DISCUSSIONI / Helah Milroy e Ziggy O’Reilly /
Manifestly Haraway is a timely addition to Donna Haraway’s Cyborg Manifesto and Companion Species Manifesto. Alongside the inclusion of these two manifestos, Manifestly Haraway has the extra addition of Companions in Conversation, which captures a conversation between Cary Wolfe and Haraway during the conference The Anthropocene: Arts of Living on a Damaged Planet. It is a conversation which discusses and clarifies the progression of Haraway’s thought surrounding the Cyborg Manifesto, the Companion Species Manifesto, and her latest book Staying with the Trouble: Making Kin in the Age of the Chthulucene. The Cyborg Manifesto was a controversial piece published by the Berkeley Social Review Collective in 1985, during the early Reagan-Thatcher era which saw a decline of leftist politics.
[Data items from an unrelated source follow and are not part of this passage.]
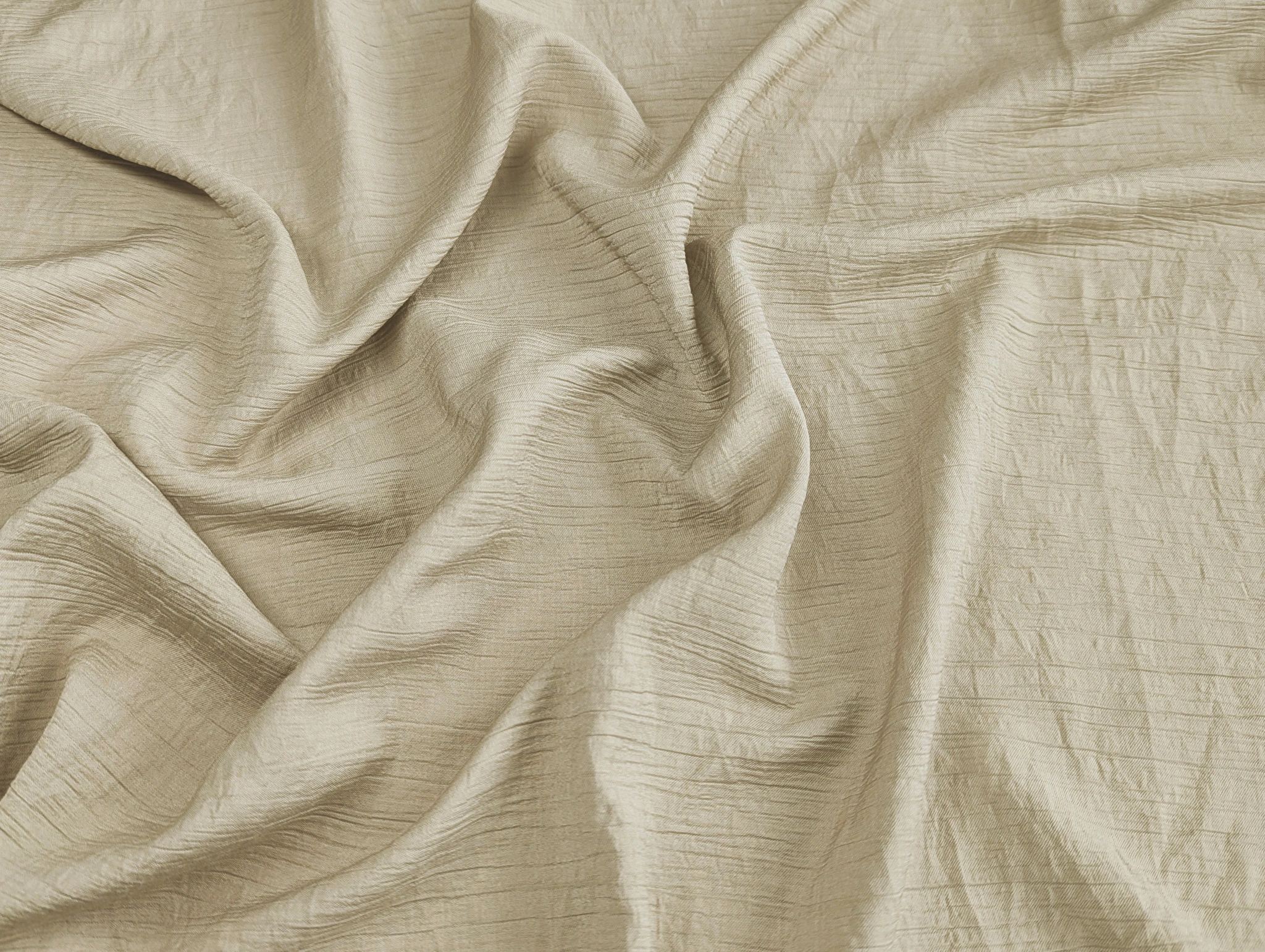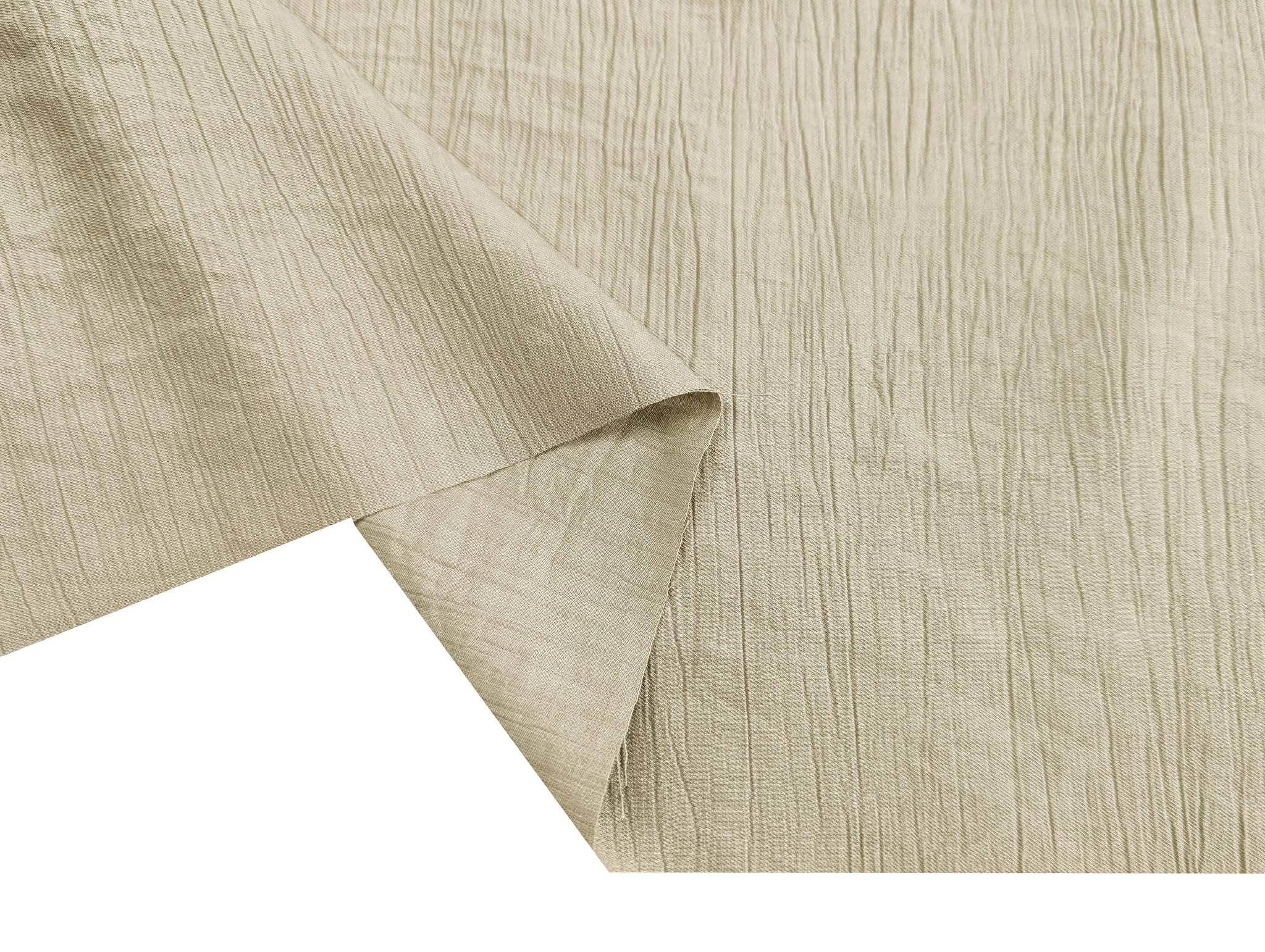 Штапель твил с нейлоном - легкий, приятный на ощупь материал с твиловым переплетением нитей и слабо выраженной диагональю на лицевой стороне. Полотно имеет особую поверхность с жатым эффеком, сформированные узкие, хаотичные складки расположены в продольном направлнении. Штапель имеет силуэтный просвет, при драпировке ложится в мягкие складки, за счет содержания натуральных волокон - сминается, присутствует легкая эластичность вдоль полотна. Ткань гигроскопична и гипоаллергенна.
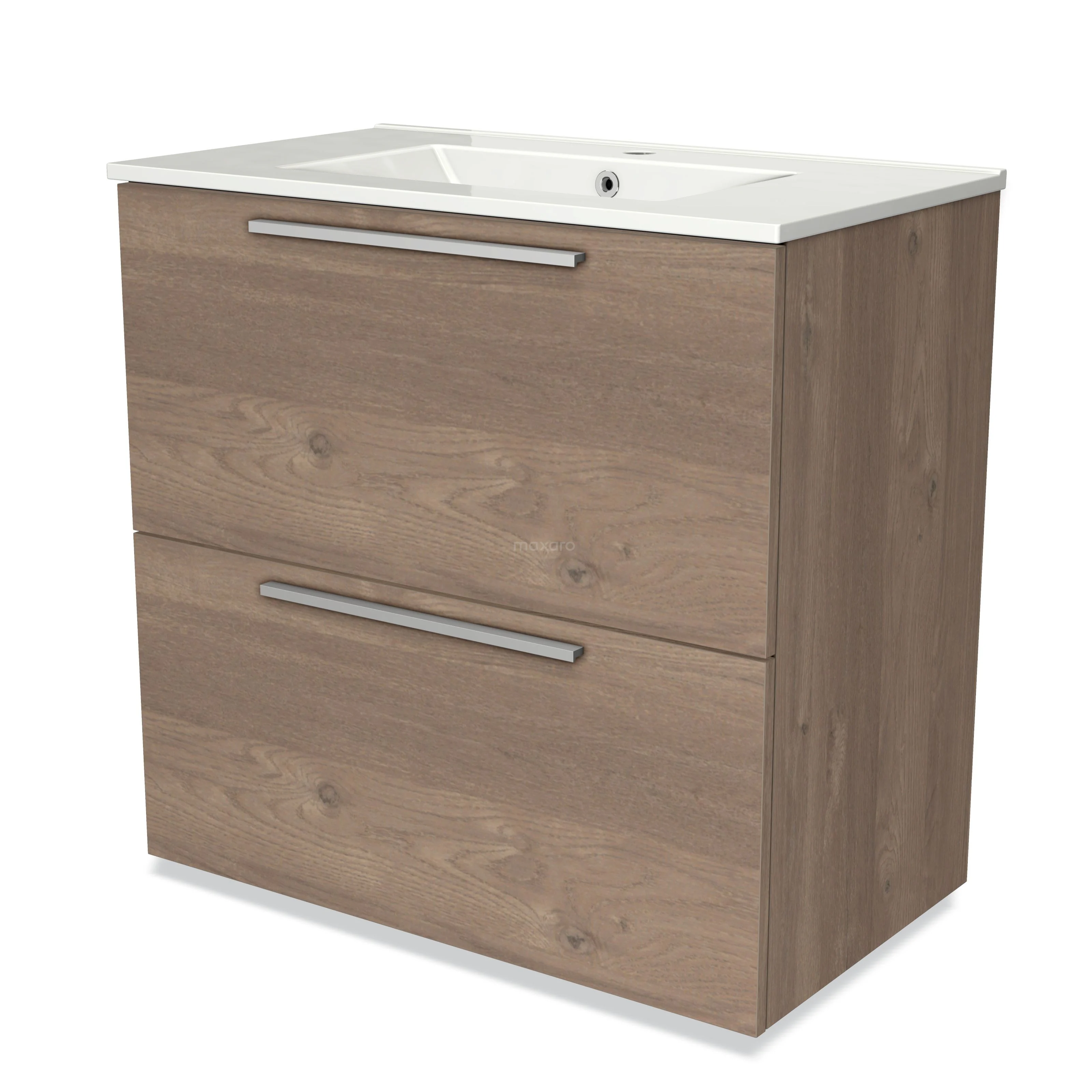 Modulo Bathroom furniture with sink | 80 cm Mid brown oak Flat front Ceramic 2 stacked drawers under each other
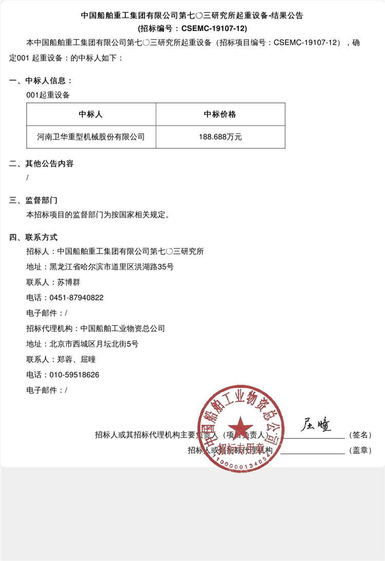中國(guó)船舶重工集團(tuán)有限公司第七〇三研究所起重設(shè)備-結(jié)果公告
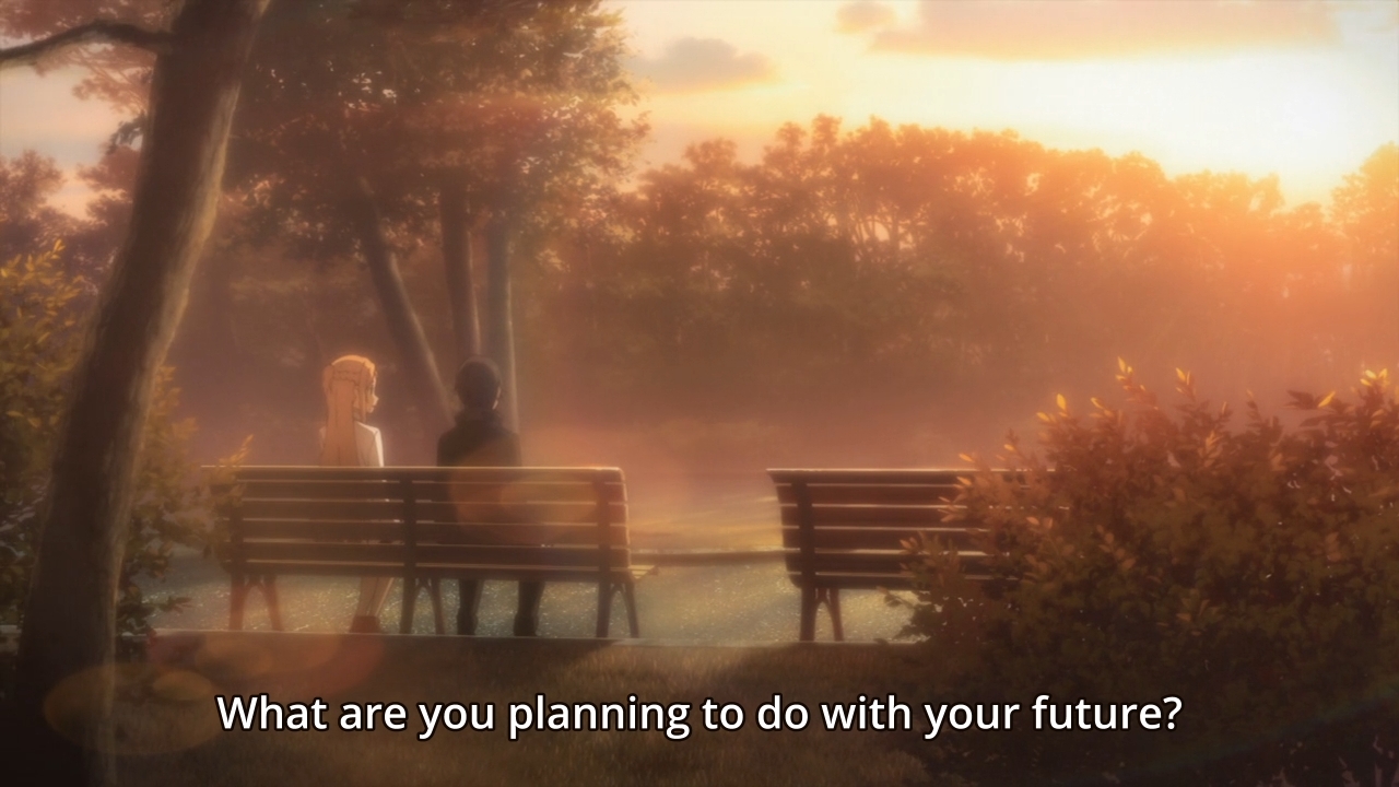 >So what do you want to do, Asuna? Kirito just talked about his future aspirations. What are >yours? Asuna says, “I want to stay with you forever, Kirito-kun.” Right, you just keep dreaming >big, Asuna. Girls don’t need to have career. She adds, “It’d be great if Yui-chan could be with >us here, too…” Oh, our virtual loli daughter. How could I forget.
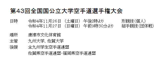 第43回全国国公立大学空手道選手権大会 2022/11/26 土曜日 ~ 11./27 日曜日 唐津市文化体育館
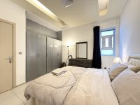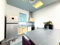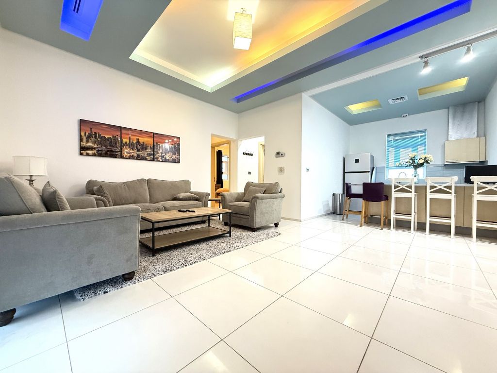 A furnished apartment in the Salibiya area, Kuwait, containing two bedrooms, one bathroom, a living room with an open kitchen, and one shaded parking space. A shared outdoor area with a swimming pool and a gym is available. It is available for rent to foreign residents at a price of 550 Kuwaiti dinars per month. A security deposit equivalent to one month's rent and an agency fee equivalent to half a month's rent apply. The map location is for guidance purposes.

Through the ironic and contradictory figure of the Cyborg, Haraway created a political myth which served as a critique of socialist and Marxist feminism, alongside Capitalist hegemony.
The Companion Species Manifesto was written nearly fifteen years later, and was published in 2003 when the discipline of Critical Animal Studies was still in infancy. This manifesto’s focus on shared histories and companion species with the figure of the Dog makes Haraway a significant contributor to Critical Animal Studies. The personalised tone of Companion Species Manifesto allows Haraway to discuss her nuanced biopolitics and encourage shared vitality through the accommodation of an attitude of play in engagement with significant others. Companions in Conversation re-opens the «time capsules» (p. 250) of the Cyborg Manifesto and Companion Species Manifesto in order to expose and clarify the implications of these two manifestos with regards to present political and biopolitical frameworks. Furthermore, Companions in Conversation introduces Staying with the Trouble as a new narrative through which we can think and act with collective agency in the future.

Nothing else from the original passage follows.